Can see from this diagram that Any is the supertype of all types. It is also called top type. In Any, it defined certain universal methods such as equals, hashCode and toString.

Any has 2 subclasses, one is AnyVal, one is AnyRef, which corresponds java.lang.Object.

AnyVal represents value types. There are nine predifined value types and are non-nullable:

  1. Double
  2. Float
  3. Long
  4. Int
  5. Short
  6. Byte
  7. Char
  8. Unit
  9. Boolean

Unit is a little special in Scala, which carries no meaningful information. There is exactly one instance of Unit which can be decleared literally like (). Because all functions must return something, so sometimes Unit is a useful return type.

Take an example:

  val unit: Unit = {
    3+4
  }

  def main(args: Array[String]): Unit = {
    println(unit)
  }

Guess what is the output?

()

So assign any value to Unit is meaningless.

Because Any is supertype of all classes, so if we pass Any as the type, we can give any type of value to the list. Example:

val list: List[Any] = List(
  "a string",
  732,  // an integer
  'c',  // a character
  true, // a boolean value
  () => "an anonymous function returning a string"
)

list.foreach(element => println(element))

Output is:

a String
732
false
c
main.Run$$$Lambda$1/1919892312@6833ce2c

The last one represent a function. Because all elements are instance of Scala.any,so we can add them to one list.

3.1 Type casting

Scala Type Hierarchy

Also example first :)

  val x: Long = 123456789012L
  val y: Float = x
  val face: Char = '☺'
  val number: Int = face

  def main(args: Array[String]): Unit = {
    println(x)
    println(y)
    println(face)
    println(number)
  }

And output is:

123456789012
1.23456791E11

9786

So above is example of casting. But casting is unidireactional.
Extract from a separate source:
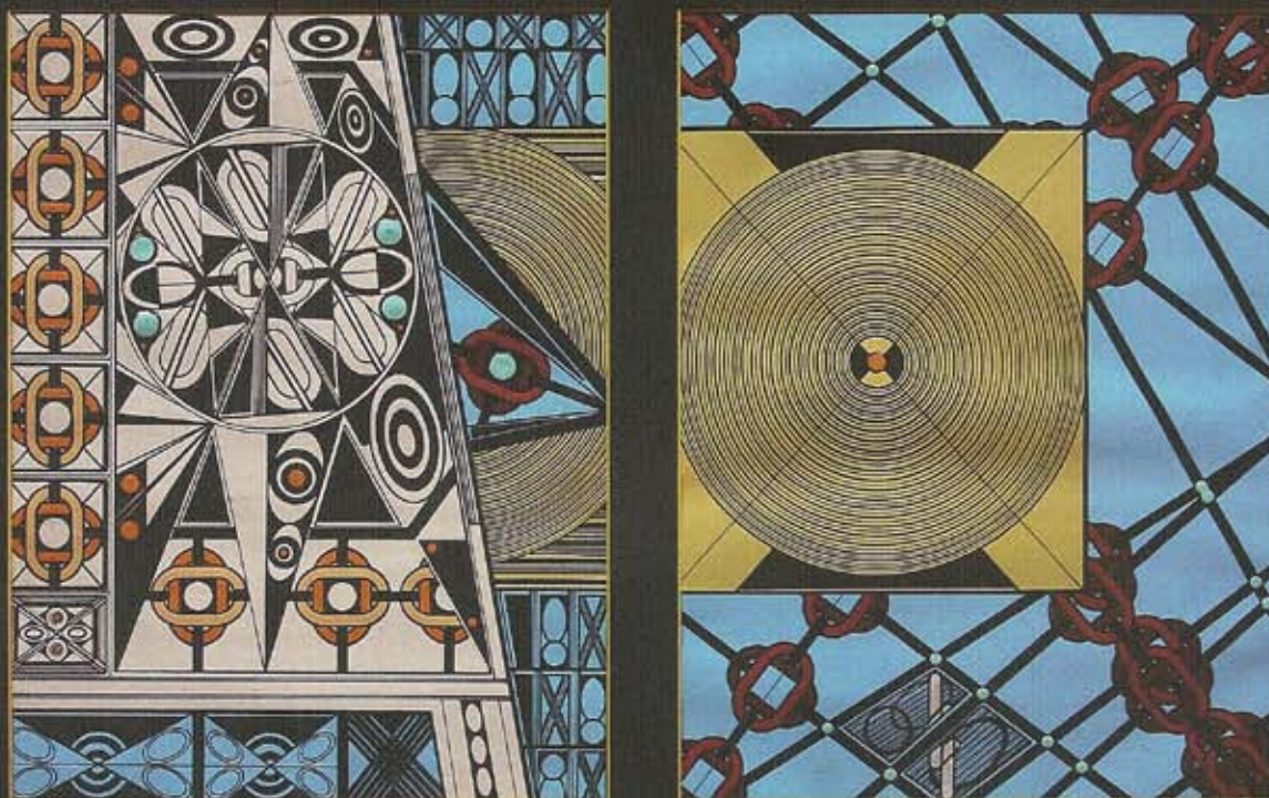
Christoph Schirmer: „binary chain“, 2011. Acryl, Lack, Tuschestift, Farbstift auf Karton (gerahmt), 60 x 80 cm

› Schirmer geht es keineswegs um eine modernisierte Illustration des mythologischen Stoffs, sondern um eine freie Kreation und Interpretation von unterschiedlichen Medien, Strategien und Quellen. Als „Kind der Bildschirmgeneration“ bedient sich der Künstler der zeitgenössischen technischen Tools und Informationsträger und schafft eine eigenständige komplexe neue Bildwelt.
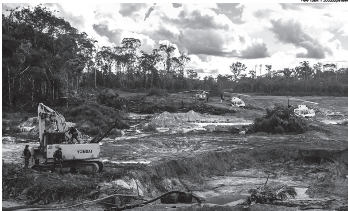
Operação de combate ao garimpo ilegal na Terra Indígena Tenharim do Igarapé Preto (AM)

Afinados com a realidade, esses dados explicitam uma tragédia sem precedentes no país: as terras indígenas

Like below can not compile.

  val x: Long = 123456789012L
  val y: Float = x
  val z: Int = x

Compiler will show:

type mismatch;
 found   : Long
 required: Int
  val z: Int = x

3.2 Nothing and Null

Nothing is a subtype of all types, also called the bottom type. There is no value that has type Nothing. A common use is to signal non-termination such as throw an Exception, program exit or infinite loop.

Null is a subtype of all reference types (any subtype of AnyRef). It has a single value identified by keyword null. Null is provided for interperablity with other JVM languages, and should never be used in Scala code. Do you remember that we said all functions have to return a value?

3.3. Classes

A class is like below:

class Point(var x: Int, var y: Int) {
  def move(dx: Int, dy: Int): Unit = {
    x = x + dx
    y = y + dy
  }

  override def toString: String = {
    s"($x,$y)"
  }
}

Point class has 4 members, the variables x and y, and method move and toString.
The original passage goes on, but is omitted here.